What is the time commitment needed for this training?
- The time commitment required for Owner Self Training is considerable. It is expected that the Self Trainer will work with their dog (and document in a log) every day, a minimum of two 15 minute formal sessions. In addition, self trainers should plan on spending 3-5 hours per week training and socializing their dog in public settings. Of course, dogs learn constantly, so ongoing attention to appropriate behavior at home and away are also required.
With all this work, is it guaranteed that an Owner Self Trained dog will become a service dog with public access?
- Unfortunately, there is no guarantee that a self trainer/dog team will “graduate”. The standards for behavior for public access are very high, and most dogs do not have the correct temperament for this type of work. While MSSD will make every effort to evaluate each dog’s suitability before training begins, behavior issues may emerge during the course that will prevent achieving public access. This is particularly true if the dog is a puppy, as it is difficult to assess a dog’s true temperament at an early age.
What sorts of clients are most successful in the Owner Self Training Course?
- Because of the time and effort involved in training, it is crucial that the process be enjoyable for both self trainer and dog. If you have already trained dogs, and know that you will enjoy daily training sessions, then the chances of successfully completing the course are better. If you have no previous training experience, we strongly suggest that you try a class with your dog at an MSSD training session, to see if training is something you both like doing.
What sorts of dogs are most successful in the Owner Self Training Course?
- Many different breeds of dog have gone through the Owner Self Training Course. There are specific temperaments and characteristics that increase the chance for training a successful service dog, and dogs should ideally start training no later than the age of two. Since it takes at least one year to train a service dog, and the dog will want to work the longest amount of time possible, younger is better. MSSD can share more specific details upon request.
Please contact email@example.com to request an application packet or call the office listed under the Contact Us page.
The Americans with Disabilities Law is very clear with stating that individuals may train there own service dogs:
Americans with Disabilities Act ( ADA) Title III, 28 CFR Section 36.104, defines a service animal as any animal that is individually trained to do work or perform tasks for a person with a disability. Individuals under this law can be accompanied by their service animal in public places. The ADA does not require “certification” or proof of the service dog’s training (see also ACAA of 1986).

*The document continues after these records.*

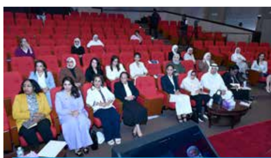
KUWAIT: The Women Against Corruption Forum being held in Kuwait.

KUWAIT: The Women Against Corruption Forum, which was launched Sunday in cooperation between the Public Authority for Anti-Corruption (Nazaha) and the Women's Cultural and Social Society highlighted the role of women in combating and preventing corruption. The forum was hosted by the Kuwait National Library jointly with its United Nations branch in Kuwait. A number of Kuwaiti public associations and faculty members from various educational institutions participated in the forum.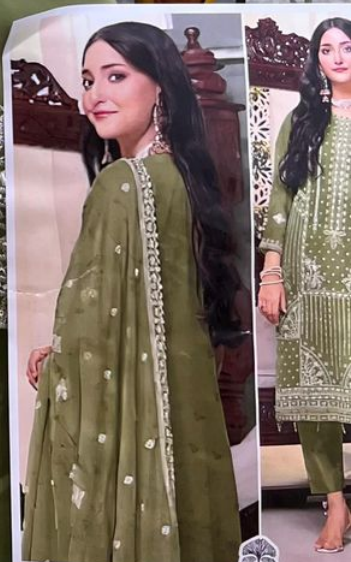
ZAHA TOP Faux Georgette with Embroidery (40-5 Mtr) BOTTOM-IN-IER D (C)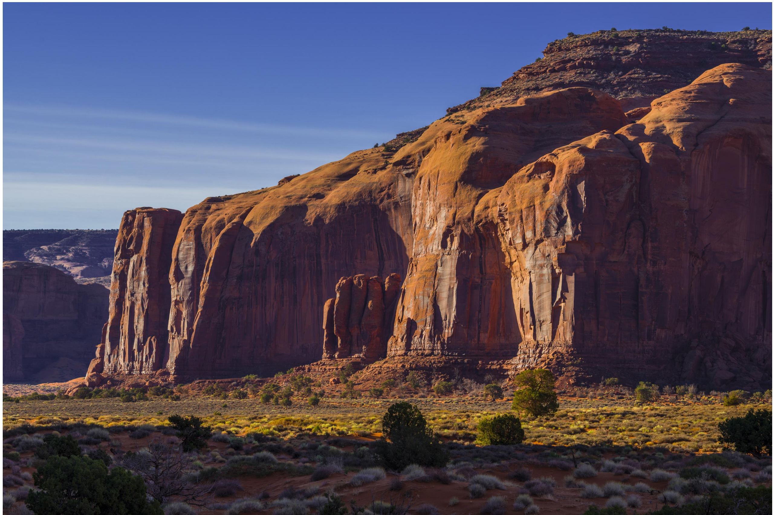
Monument Valley, Utah/Arizona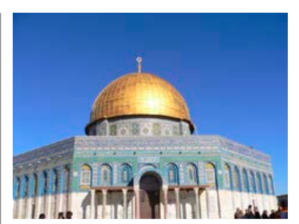
Dome of the Rock in "Haram al-Sharif"

The international community urged both Israel and Palestine to resume the negotiations at an early date. In particular, France called for forming an "International Support Group" in an attempt to break through the status quo the Middle East faces. Based on this attempt as well, the meeting of the enlarged Middle East Quartet was held at the time of the UN General Assembly in September. Foreign Minister Kishida attended this meeting as a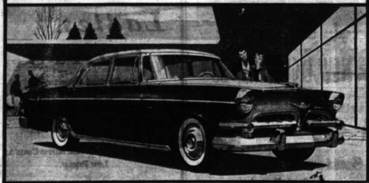
New Dodge Custom Royal 4-Door Sedan—Proud-Powered for the Future.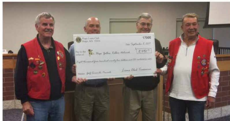
The Hugo Lions donated $8,492.80 from their Golf Scramble to the Beyond the Yellow Ribbon Network.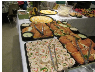
Some of the luncheon crew and the of the food provided.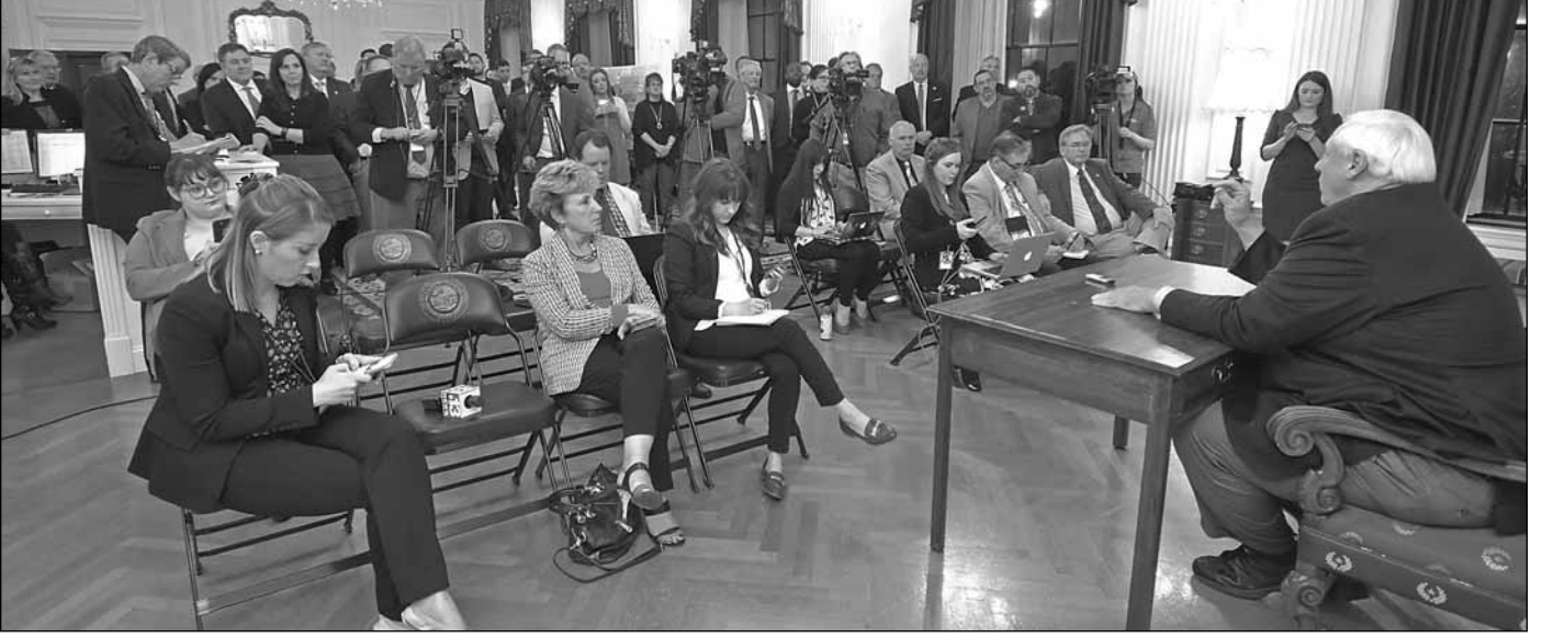
Governor Jim Justice held a press conference at 10:00pm on the final night of the legislative session saying he was very close to a budget deal with the Senate.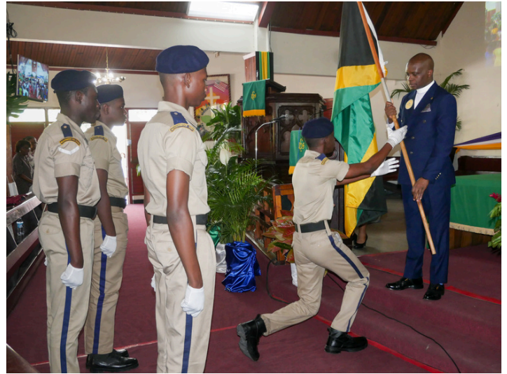
MEADWBROOK CADETS PARTICIPATE IN FLAG CEREMONY

View highlights or watch the full service on Meadowbrook United Church's YouTube channel.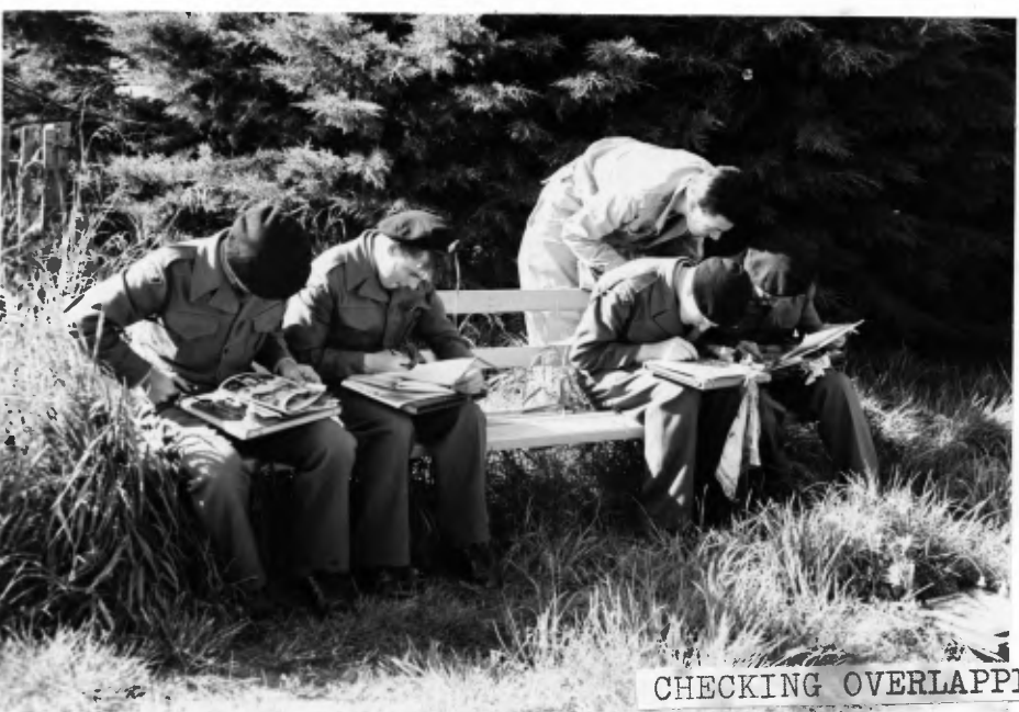
CHECKING OVERLAPPING AREAS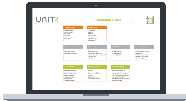
Fig. 1: Workflow for the statutory consolidation process

Unit4 Financial Consolidation has been created by experts responsible for the consolidation process. Thanks to their insights and experience, it follows a clear workflow and helps you and your subsidiaries import and collect information in a reliable, efficient and very user-friendly way.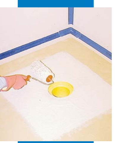
Spreading Mapegum WPS around the drain in a shower cubicle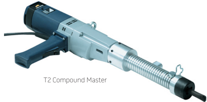
T2 Compound Master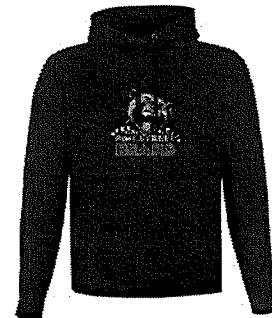
ADULT PULLOVER HOODIE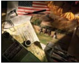
Team Alpha featured on page 23

This portrait of a CIA nurse was taken a few months before her retirement. Her final international trip for CIA was to Kabul, where she was a member of a medical clinic serving officers and locally hired people. This was her fourth trip for CIA since 9/11 to staff medical clinics in the war zones of Afghanistan and Iraq.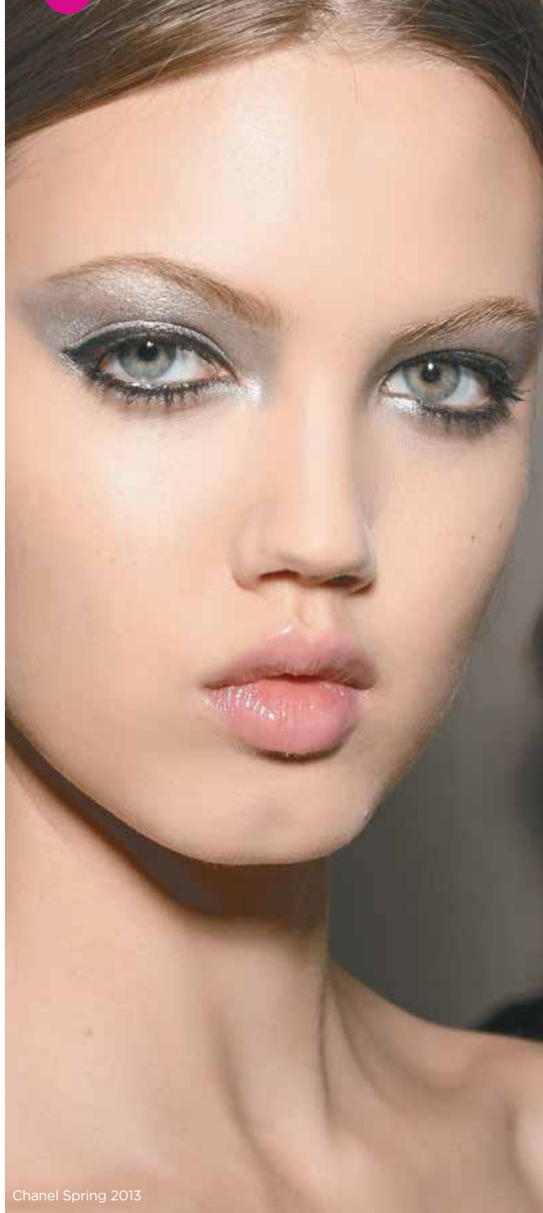
Chanel Spring 2013

web Want more dazzling eye-makeup looks? More (with tutorials!) at thekit.ca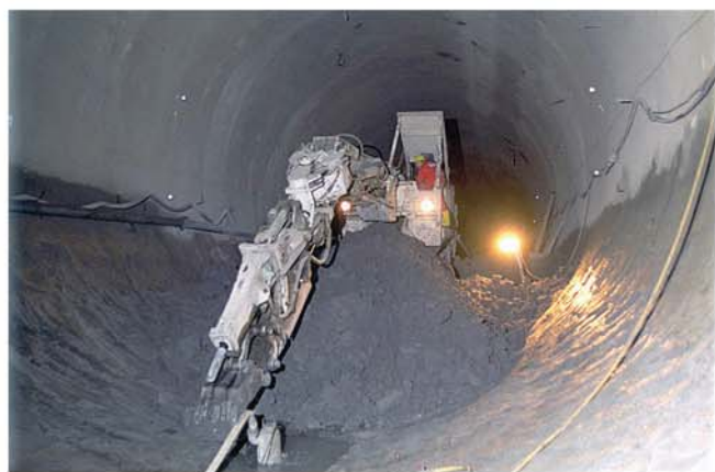
Lowering resp. cleaning the invert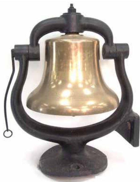
The Stich collection includes several bells & other rolling stock fixtures.

Another large collection is scheduled to be sold over the weekend of June 19th, by Jon Lee Auctions of Latham, NY. This collection includes a large number of lamps, lanterns, oil cans, and other hardware, mostly from eastern railroads. There are also many books, timetables, and paper items. With over 800 lots, this auction is planned to take place over two days.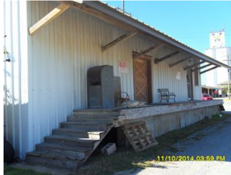
Old train depot. 13' walk in door and 1 6'6"X5' sliding door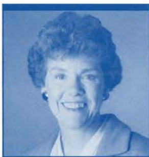
JOSIE HEATH, CANDIDATE FOR U.S. SENATE, COLORADO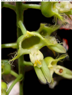
2 Catasetum discolor D.S Melo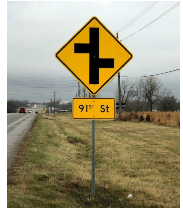
Existing street sign showing offset intersection

ODOT proposes to realign the intersections of E. 91st Street and E. Washington Street with SH-51 into one intersection with a traffic signal with left turn arrows. Dedicated left turn lanes with deceleration distance will be provided in both directions on SH-51 and a right turn lane will be provided for westbound traffic on E. 91st Street. Additional right-of-way will be required, but no homes or businesses will be affected. The roadways will remain open during construction and temporary pavement will be used to maintain traffic.

Alaska Statutes 220.127.116.11.76.130. Interference with rights of physically or mentally challenged person.
ADA allows any person with a disability train their own service animal. The law does not require that the animal be registered with any program, organization, state or local agency.
AS 11.76.133 Interference with the training of a service Animal (a) A person commits the crime of interference with the training of a service animal if the person intentionally prevents or restricts a person who is authorized to train a service animal from being accompanied by an animal that is identified as being in training to be a service animal or assesses an extra charge because of the animal in a public facility except as provided in the (b) and (c) of this section.
It is the vision of Midnight Sun Service Dogs to help guide self trainers of service dogs through this process with educational materials, resources, training classes and support groups.